#### Working data
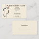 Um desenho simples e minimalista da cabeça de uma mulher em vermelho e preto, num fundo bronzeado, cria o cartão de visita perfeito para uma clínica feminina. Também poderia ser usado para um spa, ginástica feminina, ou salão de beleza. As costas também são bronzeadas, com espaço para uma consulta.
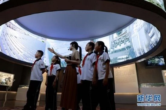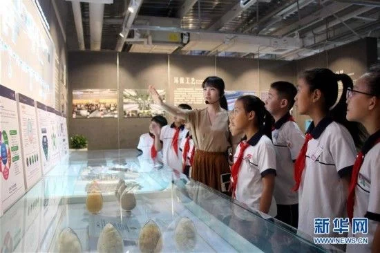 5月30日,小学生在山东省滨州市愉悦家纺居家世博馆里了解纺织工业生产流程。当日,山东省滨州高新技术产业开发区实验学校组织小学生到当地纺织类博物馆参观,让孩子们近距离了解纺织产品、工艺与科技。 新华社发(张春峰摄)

==

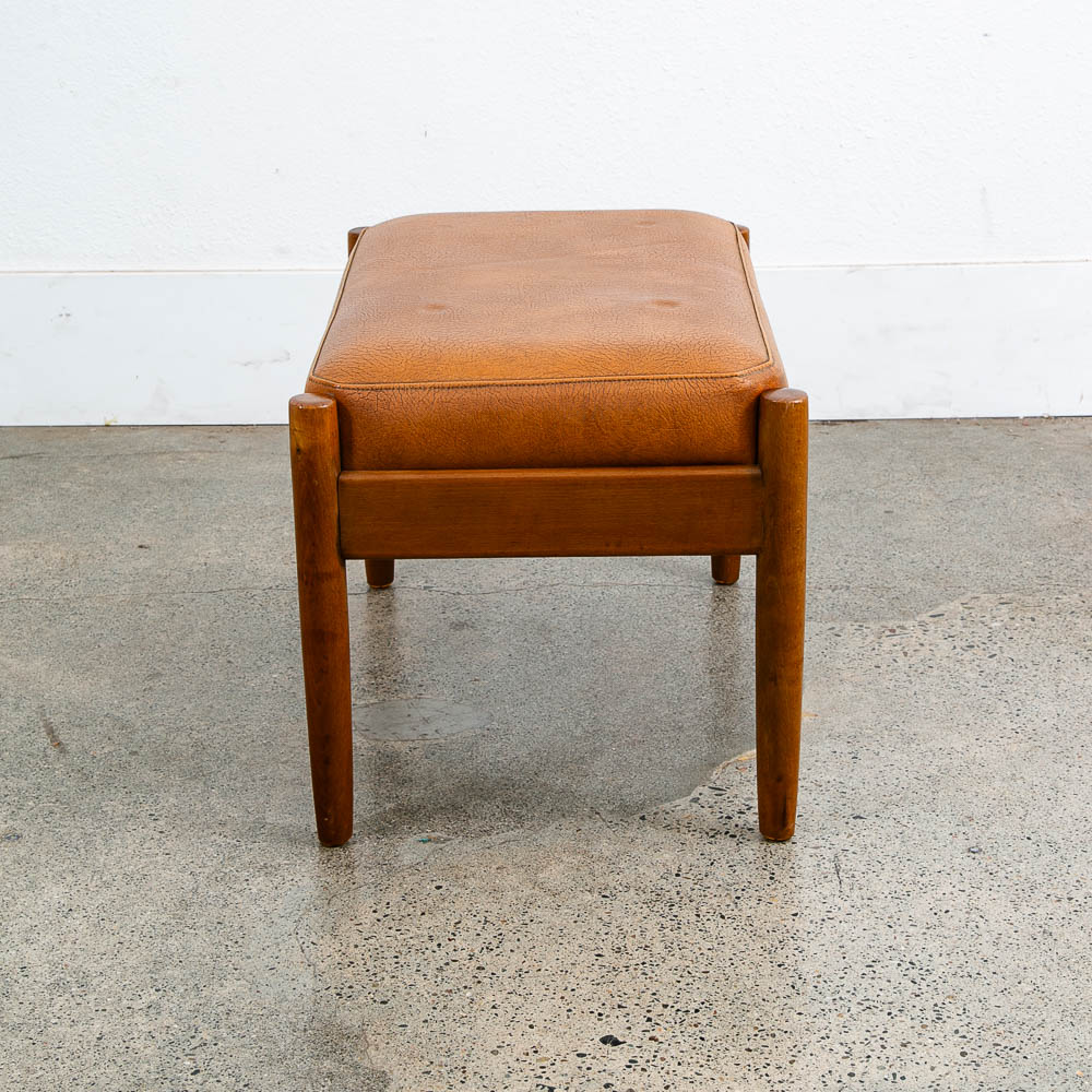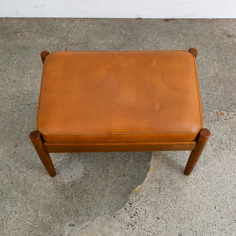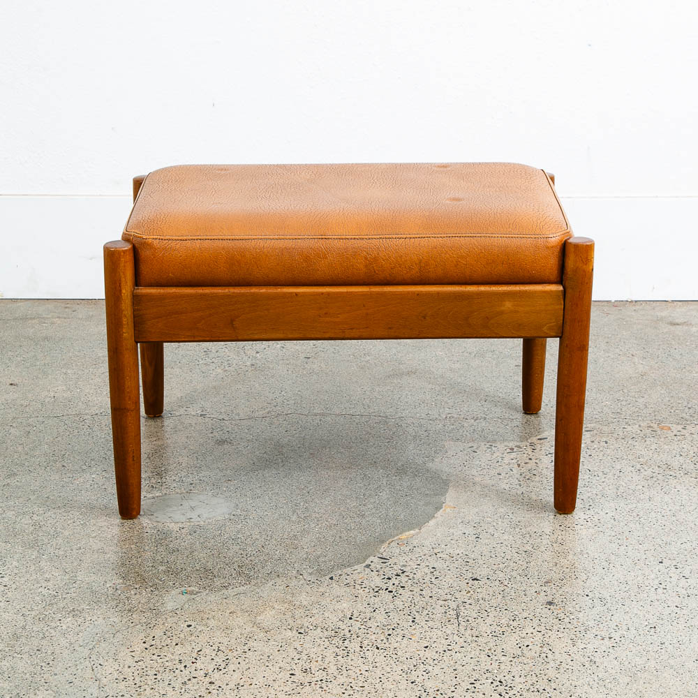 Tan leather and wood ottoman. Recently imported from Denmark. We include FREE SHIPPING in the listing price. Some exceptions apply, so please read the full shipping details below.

#### Exercise aim
For this exercise, please set down exactly the lines of the listing above from the line with "Um desenho simples" up to and including the line with "5月30日,小学生在山东省滨", and no pictures.

#### Response to the task
 Um desenho simples e minimalista da cabeça de uma mulher em vermelho e preto, num fundo bronzeado, cria o cartão de visita perfeito para uma clínica feminina. Também poderia ser usado para um spa, ginástica feminina, ou salão de beleza. As costas também são bronzeadas, com espaço para uma consulta.
 5月30日,小学生在山东省滨州市愉悦家纺居家世博馆里了解纺织工业生产流程。当日,山东省滨州高新技术产业开发区实验学校组织小学生到当地纺织类博物馆参观,让孩子们近距离了解纺织产品、工艺与科技。 新华社发(张春峰摄)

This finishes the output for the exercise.